====== RECORDED INFORMATION ======
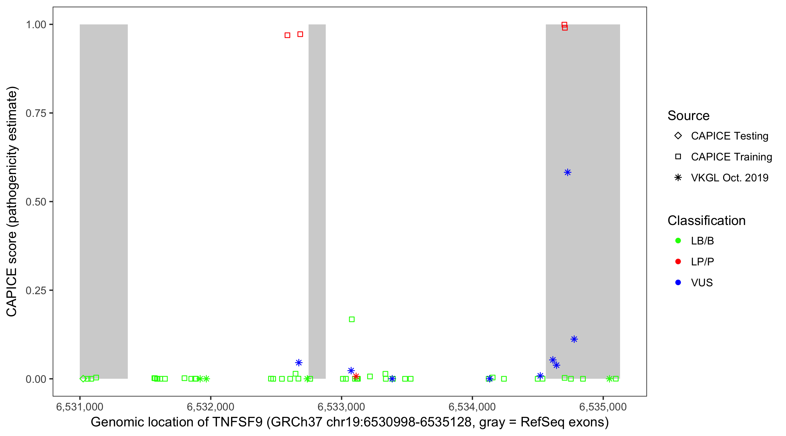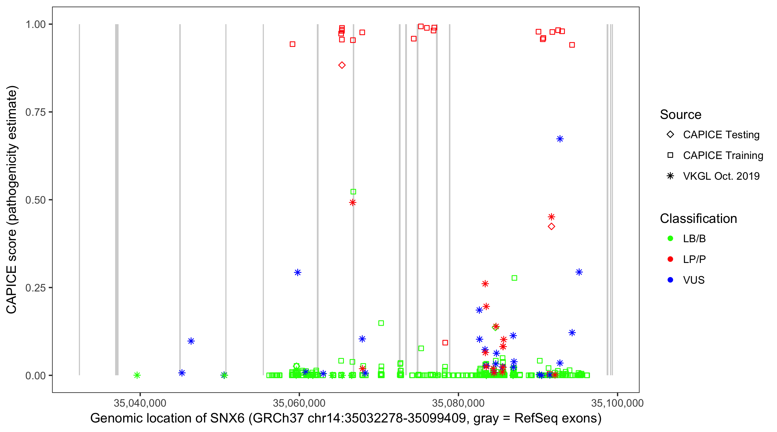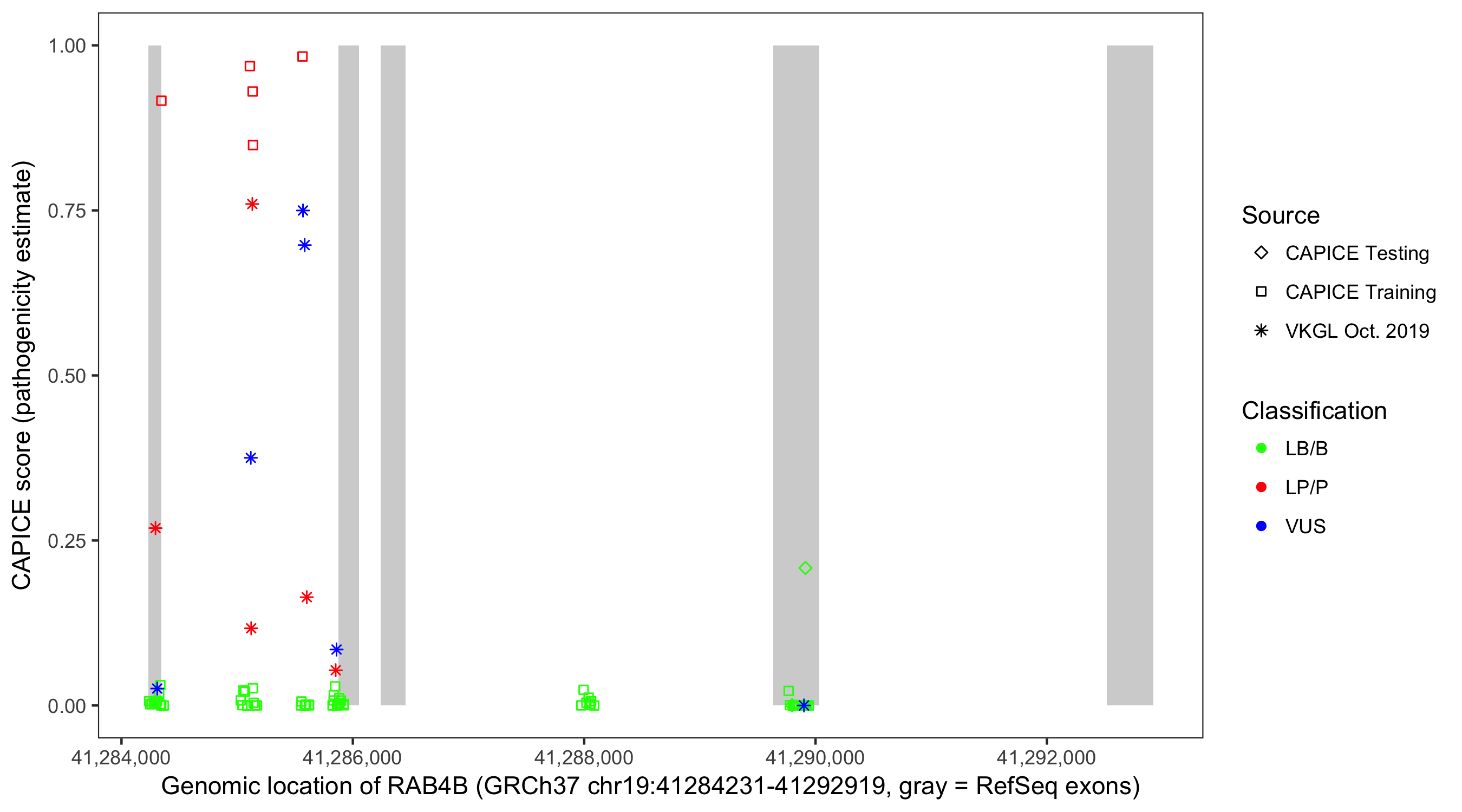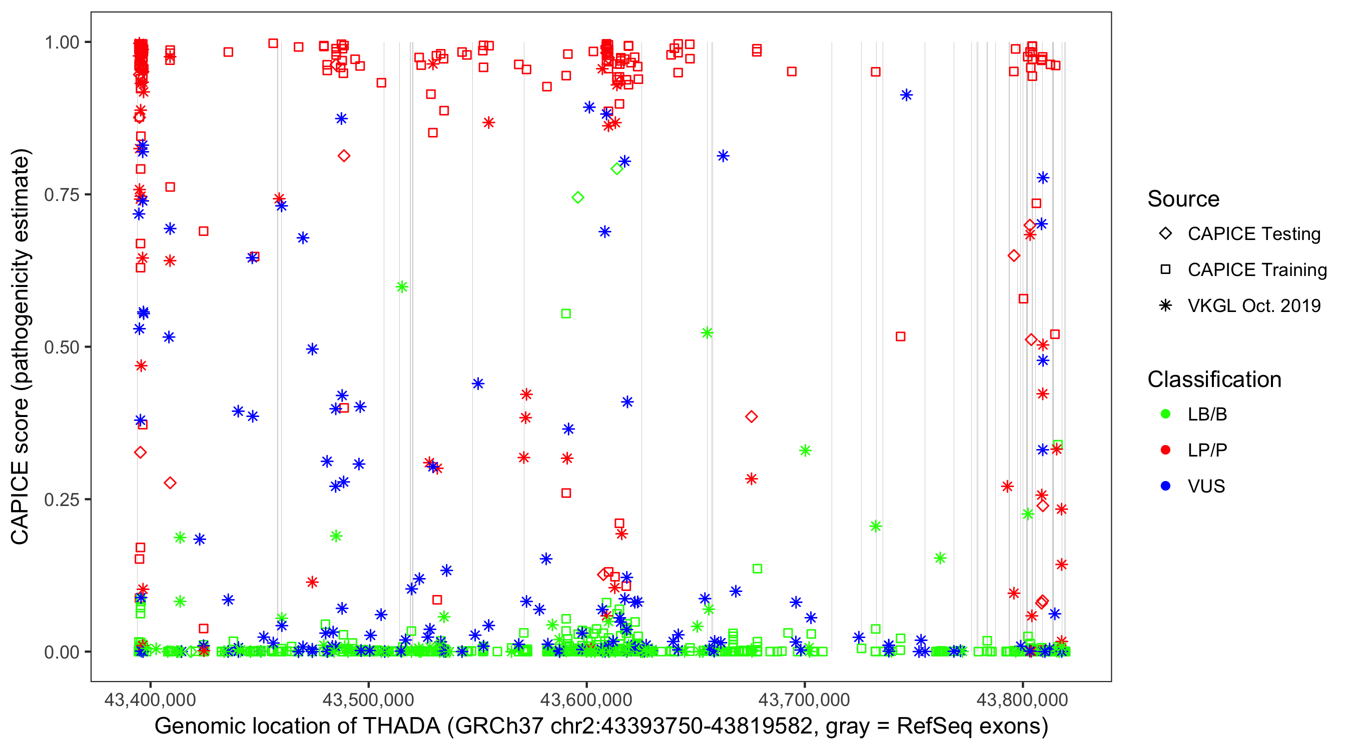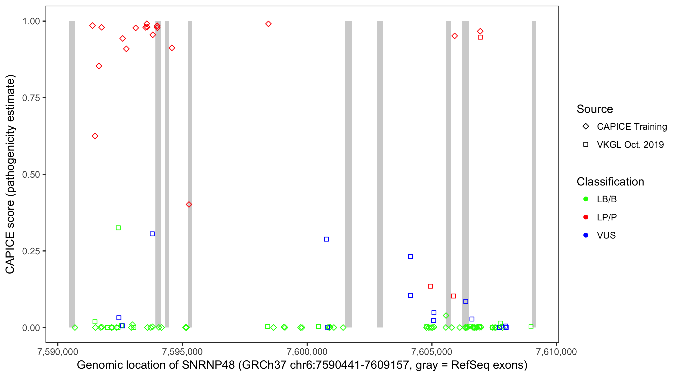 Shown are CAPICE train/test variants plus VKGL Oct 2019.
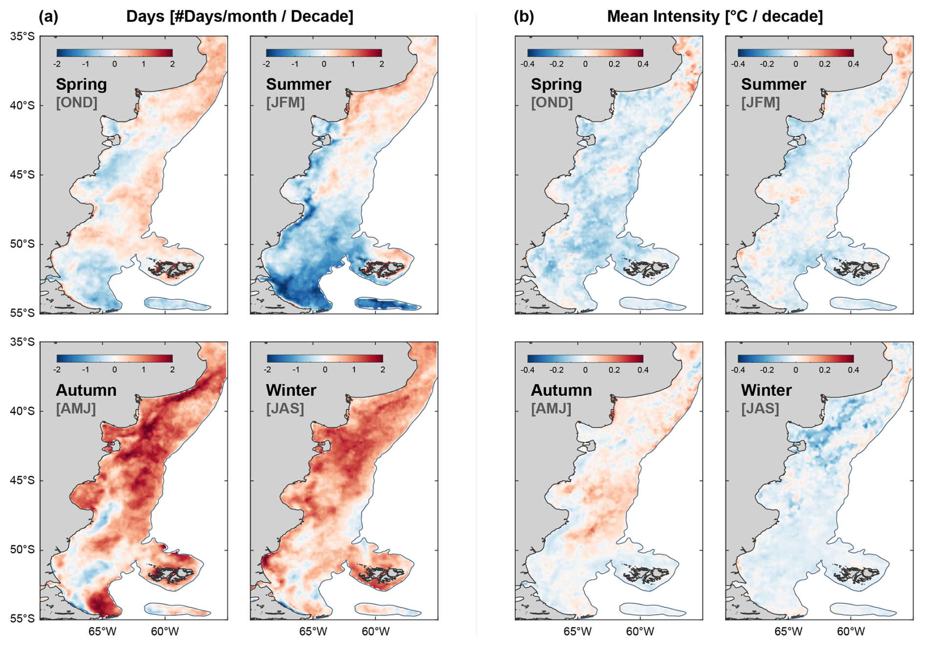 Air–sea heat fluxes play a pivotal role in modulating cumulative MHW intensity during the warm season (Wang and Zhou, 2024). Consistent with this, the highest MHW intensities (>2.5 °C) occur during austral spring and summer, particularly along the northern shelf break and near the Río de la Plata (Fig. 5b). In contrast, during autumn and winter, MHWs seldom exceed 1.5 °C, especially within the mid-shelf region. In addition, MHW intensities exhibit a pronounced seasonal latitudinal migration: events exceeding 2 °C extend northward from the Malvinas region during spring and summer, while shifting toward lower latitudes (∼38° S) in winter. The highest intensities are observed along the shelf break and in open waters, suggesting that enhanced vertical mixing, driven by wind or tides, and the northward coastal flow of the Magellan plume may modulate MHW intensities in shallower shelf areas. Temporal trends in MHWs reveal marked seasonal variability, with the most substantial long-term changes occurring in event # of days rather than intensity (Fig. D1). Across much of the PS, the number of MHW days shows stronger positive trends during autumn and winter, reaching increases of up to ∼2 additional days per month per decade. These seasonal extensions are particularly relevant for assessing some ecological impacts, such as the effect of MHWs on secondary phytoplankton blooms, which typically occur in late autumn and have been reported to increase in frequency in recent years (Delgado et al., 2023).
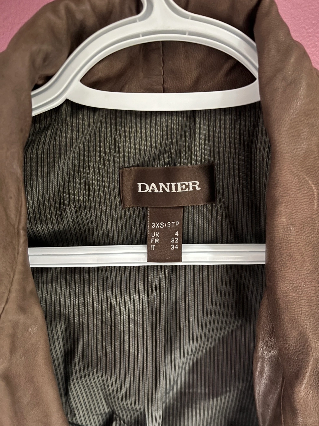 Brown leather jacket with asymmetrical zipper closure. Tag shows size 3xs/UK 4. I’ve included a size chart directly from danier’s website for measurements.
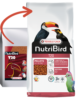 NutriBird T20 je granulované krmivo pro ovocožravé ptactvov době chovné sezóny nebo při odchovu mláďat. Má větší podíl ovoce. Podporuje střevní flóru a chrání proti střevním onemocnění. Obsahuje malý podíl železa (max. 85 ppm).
======
• DESCRIPTION OF THE TASK
In your copy, include no pictures and only the lines from the line with "Brown leather jacket" through the final line of the listing above, reproduced exactly.

• TASK RESPONSE
 Brown leather jacket with asymmetrical zipper closure. Tag shows size 3xs/UK 4. I’ve included a size chart directly from danier’s website for measurements.
 NutriBird T20 je granulované krmivo pro ovocožravé ptactvov době chovné sezóny nebo při odchovu mláďat. Má větší podíl ovoce. Podporuje střevní flóru a chrání proti střevním onemocnění. Obsahuje malý podíl železa (max. 85 ppm).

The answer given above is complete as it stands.